:: AIM OF THE TASK ::
Omitting the pictures, print every line below exactly as it stands.

:: SUPPLIED MATERIAL ::
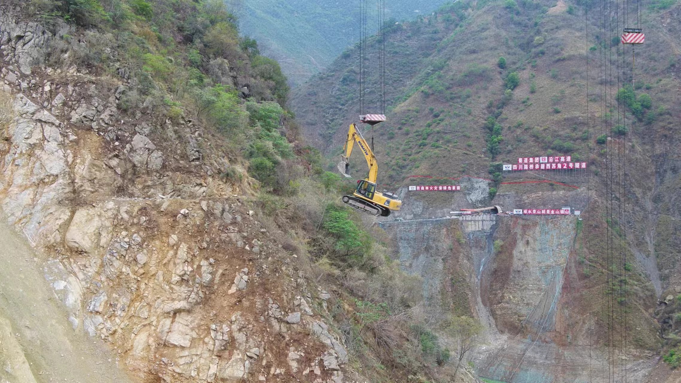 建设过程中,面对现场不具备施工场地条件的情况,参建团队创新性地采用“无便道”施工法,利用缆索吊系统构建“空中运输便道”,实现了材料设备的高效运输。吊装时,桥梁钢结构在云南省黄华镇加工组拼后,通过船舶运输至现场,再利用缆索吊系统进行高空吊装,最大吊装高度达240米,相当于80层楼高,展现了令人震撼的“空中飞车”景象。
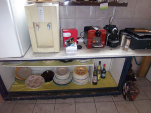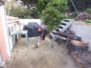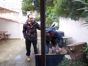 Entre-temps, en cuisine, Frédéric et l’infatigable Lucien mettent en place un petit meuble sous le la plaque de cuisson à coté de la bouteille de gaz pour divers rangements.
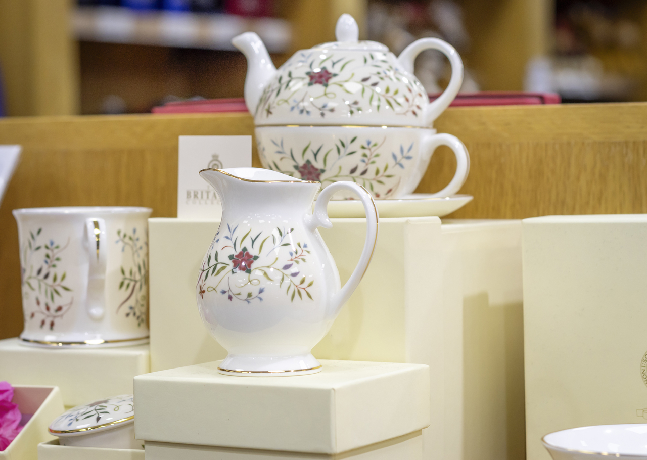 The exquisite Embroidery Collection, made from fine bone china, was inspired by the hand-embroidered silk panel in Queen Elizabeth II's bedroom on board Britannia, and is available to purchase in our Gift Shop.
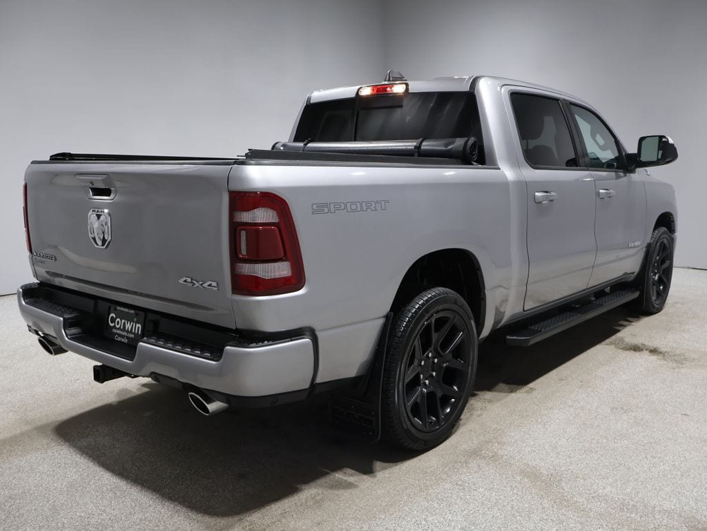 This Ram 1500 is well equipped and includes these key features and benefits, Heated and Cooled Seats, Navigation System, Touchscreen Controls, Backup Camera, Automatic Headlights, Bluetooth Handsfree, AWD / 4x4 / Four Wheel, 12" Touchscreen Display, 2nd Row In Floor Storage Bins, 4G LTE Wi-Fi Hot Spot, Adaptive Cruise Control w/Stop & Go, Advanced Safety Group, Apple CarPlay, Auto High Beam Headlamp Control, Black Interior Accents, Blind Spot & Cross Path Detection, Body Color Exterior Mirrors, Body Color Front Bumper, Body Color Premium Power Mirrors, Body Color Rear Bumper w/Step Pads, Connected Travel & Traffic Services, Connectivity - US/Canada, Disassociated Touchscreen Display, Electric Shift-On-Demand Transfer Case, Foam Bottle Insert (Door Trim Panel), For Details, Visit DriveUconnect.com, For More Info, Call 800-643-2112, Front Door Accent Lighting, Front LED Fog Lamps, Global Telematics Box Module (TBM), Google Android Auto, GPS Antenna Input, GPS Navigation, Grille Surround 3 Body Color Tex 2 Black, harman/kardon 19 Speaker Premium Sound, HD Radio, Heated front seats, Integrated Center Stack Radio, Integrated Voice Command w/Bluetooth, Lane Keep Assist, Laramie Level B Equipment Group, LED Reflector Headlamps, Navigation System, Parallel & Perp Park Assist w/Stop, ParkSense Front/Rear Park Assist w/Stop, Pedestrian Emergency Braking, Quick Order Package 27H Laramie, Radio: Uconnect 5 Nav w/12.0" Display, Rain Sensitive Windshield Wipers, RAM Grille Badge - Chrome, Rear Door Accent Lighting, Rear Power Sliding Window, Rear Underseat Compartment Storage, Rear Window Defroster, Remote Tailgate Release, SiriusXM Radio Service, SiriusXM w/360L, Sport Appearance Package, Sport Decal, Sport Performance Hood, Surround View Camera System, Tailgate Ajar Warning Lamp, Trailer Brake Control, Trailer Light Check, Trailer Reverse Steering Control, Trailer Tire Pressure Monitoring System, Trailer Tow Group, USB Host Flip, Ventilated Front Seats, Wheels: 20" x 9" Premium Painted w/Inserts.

:: YOUR RESPONSE ::
 建设过程中,面对现场不具备施工场地条件的情况,参建团队创新性地采用“无便道”施工法,利用缆索吊系统构建“空中运输便道”,实现了材料设备的高效运输。吊装时,桥梁钢结构在云南省黄华镇加工组拼后,通过船舶运输至现场,再利用缆索吊系统进行高空吊装,最大吊装高度达240米,相当于80层楼高,展现了令人震撼的“空中飞车”景象。
 Entre-temps, en cuisine, Frédéric et l’infatigable Lucien mettent en place un petit meuble sous le la plaque de cuisson à coté de la bouteille de gaz pour divers rangements.
 The exquisite Embroidery Collection, made from fine bone china, was inspired by the hand-embroidered silk panel in Queen Elizabeth II's bedroom on board Britannia, and is available to purchase in our Gift Shop.
 This Ram 1500 is well equipped and includes these key features and benefits, Heated and Cooled Seats, Navigation System, Touchscreen Controls, Backup Camera, Automatic Headlights, Bluetooth Handsfree, AWD / 4x4 / Four Wheel, 12" Touchscreen Display, 2nd Row In Floor Storage Bins, 4G LTE Wi-Fi Hot Spot, Adaptive Cruise Control w/Stop & Go, Advanced Safety Group, Apple CarPlay, Auto High Beam Headlamp Control, Black Interior Accents, Blind Spot & Cross Path Detection, Body Color Exterior Mirrors, Body Color Front Bumper, Body Color Premium Power Mirrors, Body Color Rear Bumper w/Step Pads, Connected Travel & Traffic Services, Connectivity - US/Canada, Disassociated Touchscreen Display, Electric Shift-On-Demand Transfer Case, Foam Bottle Insert (Door Trim Panel), For Details, Visit DriveUconnect.com, For More Info, Call 800-643-2112, Front Door Accent Lighting, Front LED Fog Lamps, Global Telematics Box Module (TBM), Google Android Auto, GPS Antenna Input, GPS Navigation, Grille Surround 3 Body Color Tex 2 Black, harman/kardon 19 Speaker Premium Sound, HD Radio, Heated front seats, Integrated Center Stack Radio, Integrated Voice Command w/Bluetooth, Lane Keep Assist, Laramie Level B Equipment Group, LED Reflector Headlamps, Navigation System, Parallel & Perp Park Assist w/Stop, ParkSense Front/Rear Park Assist w/Stop, Pedestrian Emergency Braking, Quick Order Package 27H Laramie, Radio: Uconnect 5 Nav w/12.0" Display, Rain Sensitive Windshield Wipers, RAM Grille Badge - Chrome, Rear Door Accent Lighting, Rear Power Sliding Window, Rear Underseat Compartment Storage, Rear Window Defroster, Remote Tailgate Release, SiriusXM Radio Service, SiriusXM w/360L, Sport Appearance Package, Sport Decal, Sport Performance Hood, Surround View Camera System, Tailgate Ajar Warning Lamp, Trailer Brake Control, Trailer Light Check, Trailer Reverse Steering Control, Trailer Tire Pressure Monitoring System, Trailer Tow Group, USB Host Flip, Ventilated Front Seats, Wheels: 20" x 9" Premium Painted w/Inserts.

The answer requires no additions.